Звякнула чашечка. Наташа и ДД одновременно повернули головы и уставились на меня, как на какое-нибудь кентервильское привидение. Боюсь, что выглядел я не лучше: опухшая со сна морда, мятая рубашка, щетина. Я поклонился и сказал:

— Доброе утро.

— Я и не знала, что ты любишь Гумилева, — проигнорировав мое приветствие, сказала Наташа. — Чаю хочешь?

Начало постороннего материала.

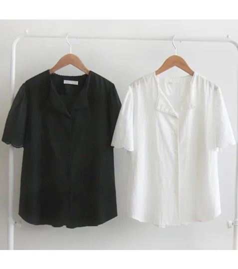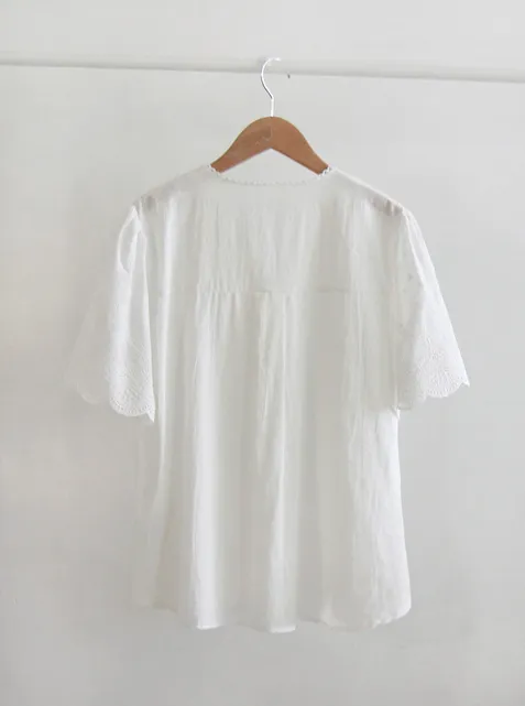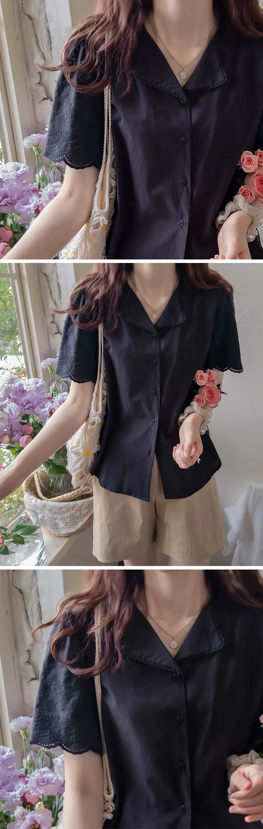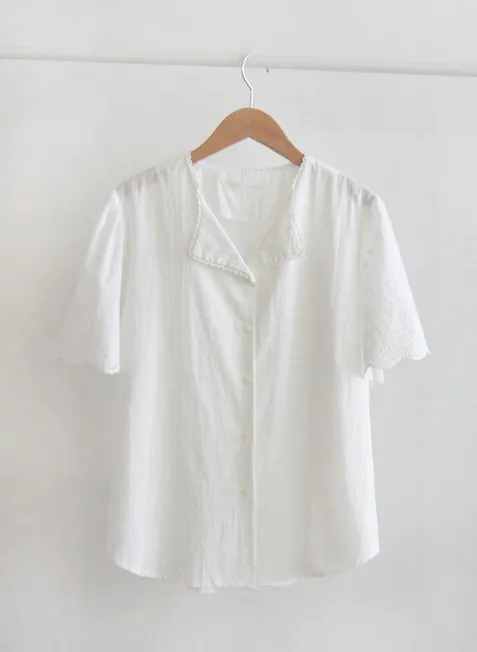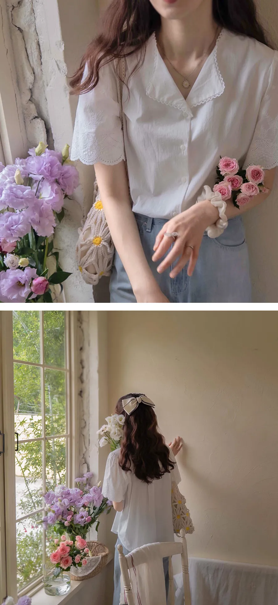 【薄款的夏季布料】【明亮精緻的顏色】【領口是迷你蕾絲,很漂亮】【袖子有花卉刺繡,末端有波浪刺繡,營造出可愛的心情】【微妙的剪裁很漂亮】[推薦作為優雅的夏季排扣上衣,設計可愛]

— Хочу, — я выдвинул табурет и сел.

— Выспался? — ДД весело подмигнул Наташе. — Что снилось?

— Да так, — сказал я хмуро. — Цветомузыка всякая. Мне покрепче, пожалуйста.

— Сахар, варенье? — любезно осведомился ДД, пододвигая мне и то, и другое. При этом он опрокинул сахар в варенье и жизнерадостно заржал. — До чего же я неловок нынче утром, — объявил он и обмакнул в варенье свой левый манжет.

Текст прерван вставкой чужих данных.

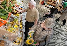Магазин сети "Пятерочка" на улице Варшавской. Жанровая фотография. Покупатели в торговом зале.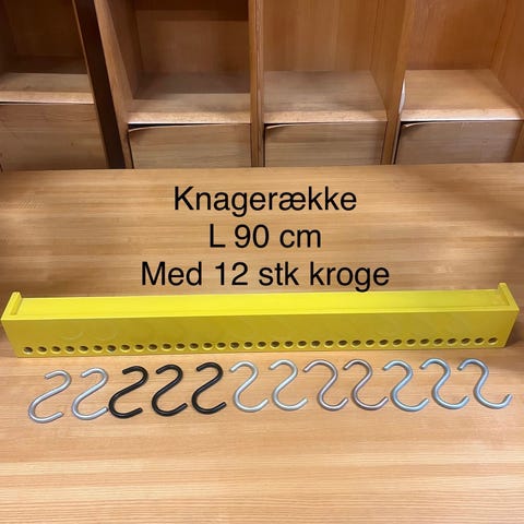 Knagerækken eller krogskinnen foldes ud af det smukt formede træhus efter behov.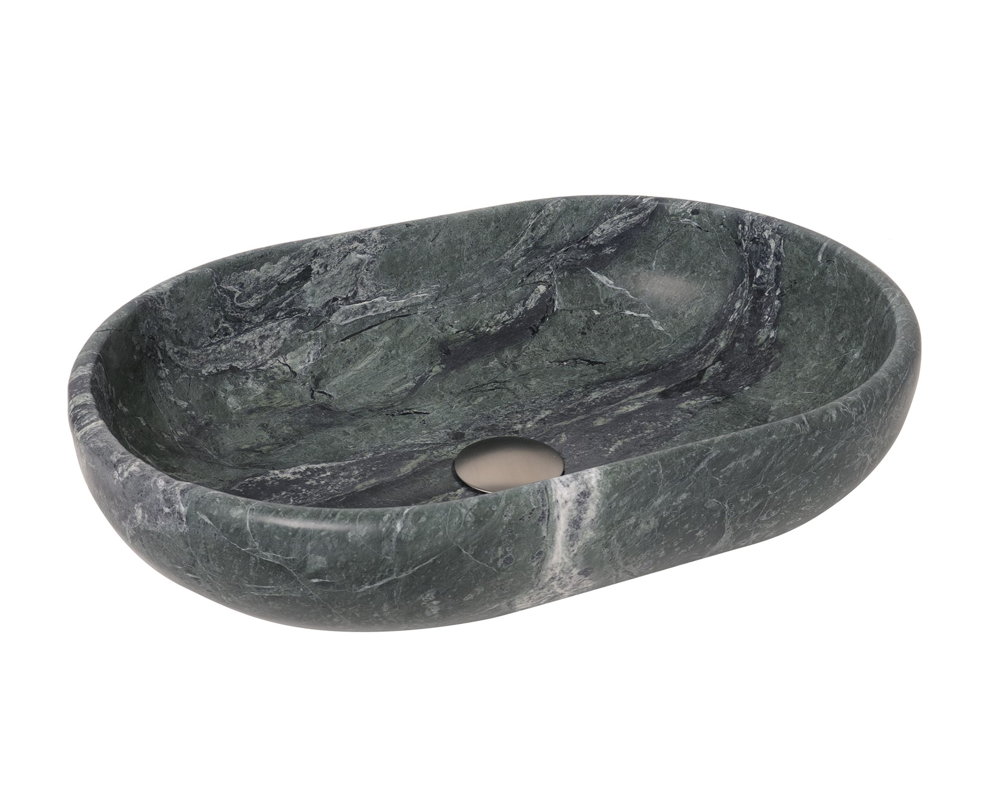 Each basin is carved from a solid block of natural stone.
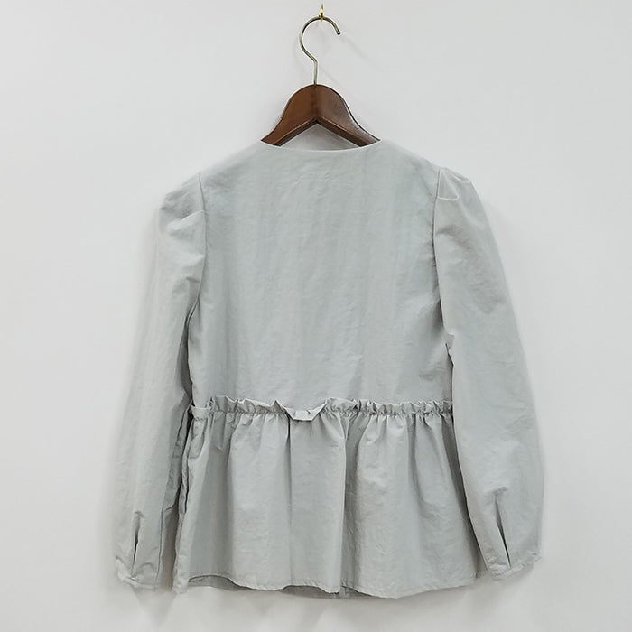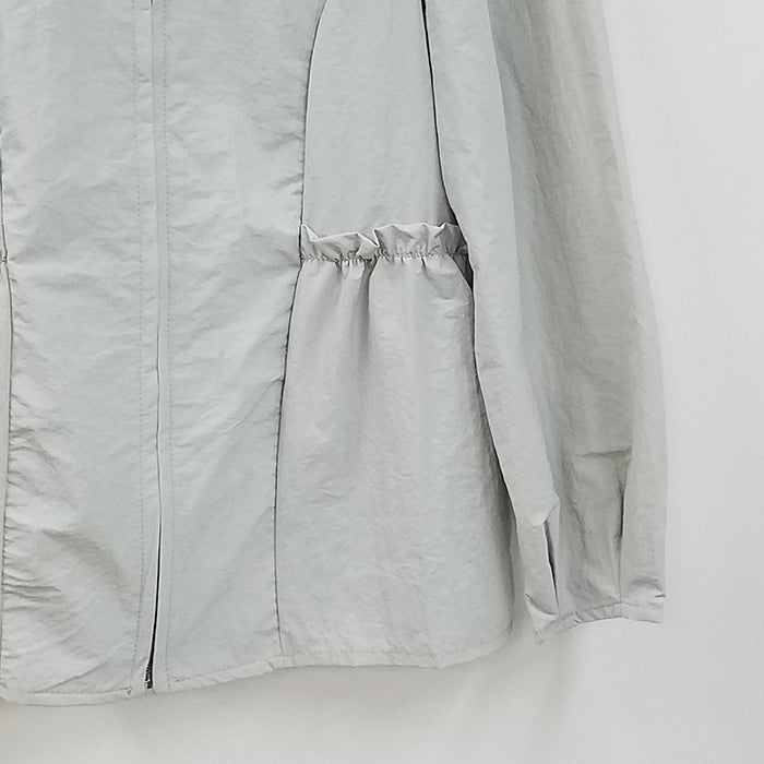 ギャザー使いでシルエットにアクセントをつけた、さりげないフェミニンさが魅力的なジップジャケットです。

— Дима, ты невозможен, — пропела Наташа тоном, который мне совсем не понравился. — Замой рукав немедленно.

ДД, кряхтя, повиновался, после чего пострадавший манжет был заботливо завернут и застегнут на пуговицу. Я следил за этими семейными разборками с сардонической ухмылкой старого холостяка. Будь что будет, решил я, я остаюсь нем и бесстрастен, как скала.

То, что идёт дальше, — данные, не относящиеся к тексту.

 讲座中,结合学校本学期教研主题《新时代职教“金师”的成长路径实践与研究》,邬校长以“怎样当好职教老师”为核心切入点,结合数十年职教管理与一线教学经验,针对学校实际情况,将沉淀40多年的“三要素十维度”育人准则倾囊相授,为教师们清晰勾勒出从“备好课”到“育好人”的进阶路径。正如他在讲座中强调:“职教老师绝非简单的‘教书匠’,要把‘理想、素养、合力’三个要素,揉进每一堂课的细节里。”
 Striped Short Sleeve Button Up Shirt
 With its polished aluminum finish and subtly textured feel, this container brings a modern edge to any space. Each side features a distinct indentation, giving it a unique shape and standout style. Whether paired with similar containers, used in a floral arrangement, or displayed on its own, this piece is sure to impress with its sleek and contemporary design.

— А где дедушка? — поинтересовался я минут через пять напряженного молчания. — Роман Сергеевич, я имею в виду? Спит еще?

— Ты представляешь, который час? — спросил ДД и, не дожидаясь моей реакции, ответил сам себе. — Полчетвертого.

При этих словах он снова почему-то расхохотался. Смех у него был хоть и не такой противный, как у старикана, но слуха тоже не ласкал.

— Не совсем понимаю, — сказал я вежливо. — Что может помешать немолодому человеку отдыхать после бессонной и наполненной событиями ночи до четырех часов дня?

ДД перестал смеяться и уронил ложечку на пол.

— Дед уже два часа как в редакции. У него там готовится к печати книжка о доисламских религиях Средней Азии, с утра ему позвонили и потребовали быть… Он спит по четыре часа в сутки уже двадцать лет.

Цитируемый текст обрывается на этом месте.